Monday, Feb. 24, 1947
Try to Get Some Sleep
Nightclub patrons are often sullen and quarrelsome. Overtime workers frequently have peevish dispositions. Can this bad temper be traced to lack of sleep?
In the Journal of Comparative Psychology, Drs. J. C. R. Licklider and M. E. Bunch describe a revealing experiment on rats (which are very like people in many ways). The problem was to find out how rats react to losing sleep. Rats ordinarily sleep 12 to 15 hours a day. When really sleepy, they will bed down on anything. Bright lights and loud noises do not stop them from trying.
The experimenters had to invent a fiendishly ingenious gadget for keeping their rats awake. Cylindrical treadmills revolved slowly in cells half full of water. If the rat did not keep awake, he got dunked and had to scramble back.

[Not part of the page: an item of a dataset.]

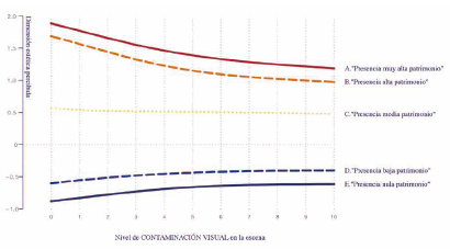Finalmente, se elabora un gráfico (Figura 6) con la variable que más influencia ejerce en términos estadísticos sobre el patrimonio en la percepción estética (eje de ordenadas), la contaminación visual, según la presencia de esta, en 5 escenas diferentes: escenas con muy alta presencia de patrimonio (A), con presencia alta (B), con presencia media (C), con presencia baja (D) y con presencia nula (E). De su observación resultan dos evidencias. La primera es que en las escenas con nula y baja presencia de patrimonio edificado la dimensión estética percibida es negativa, mientras que en aquellas cuya presencia de patrimonio es alta o muy alta, la dimensión estética percibida es positiva. La segunda es que la “contaminación visual” sobre el patrimonio provoca que el efecto que este ejerce sobre la dimensión estética disminuya notablemente en escenas con alta y muy alta presencia de patrimonio, mientras que ese efecto se invierte para escenas con nula o baja presencia de patrimonio. O lo que es lo mismo, en escenas con altas puntuaciones en “patrimonio edificado”, parece existir un juicio más exigente en cuanto a contaminación visual sobre el patrimonio que en escenas con “escasa presencia” de patrimonio edificado, donde esta puede hasta incluso enmascarar o ejercer un efecto de “velo” visual[14] sobre la deficiente calidad del vacío habitado.

With a rat on each treadmill, the apparatus was set running 20 hours a day. The pace soon began to tell. The wakeful, wretched rats grew scrawny and stopped growing. After 30 sleepless days, their dispositions showed it. They snapped and bit out in all directions. Given an opportunity, they attacked and killed one another.
One test of a rat's mentality is to put him in an intricate maze half full of water, observe how quickly he finds his way out. After 50 days, the wakeful rats were dumped in such a maze. They swam feverishly, caught on to the maze, got out even faster than normal rats.
Possible moral for nightclub proprietors and bosses who work the help after hours: lack of sleep is bad for the victim's health, bad for his disposition, but does not necessarily impair his natural intelligence.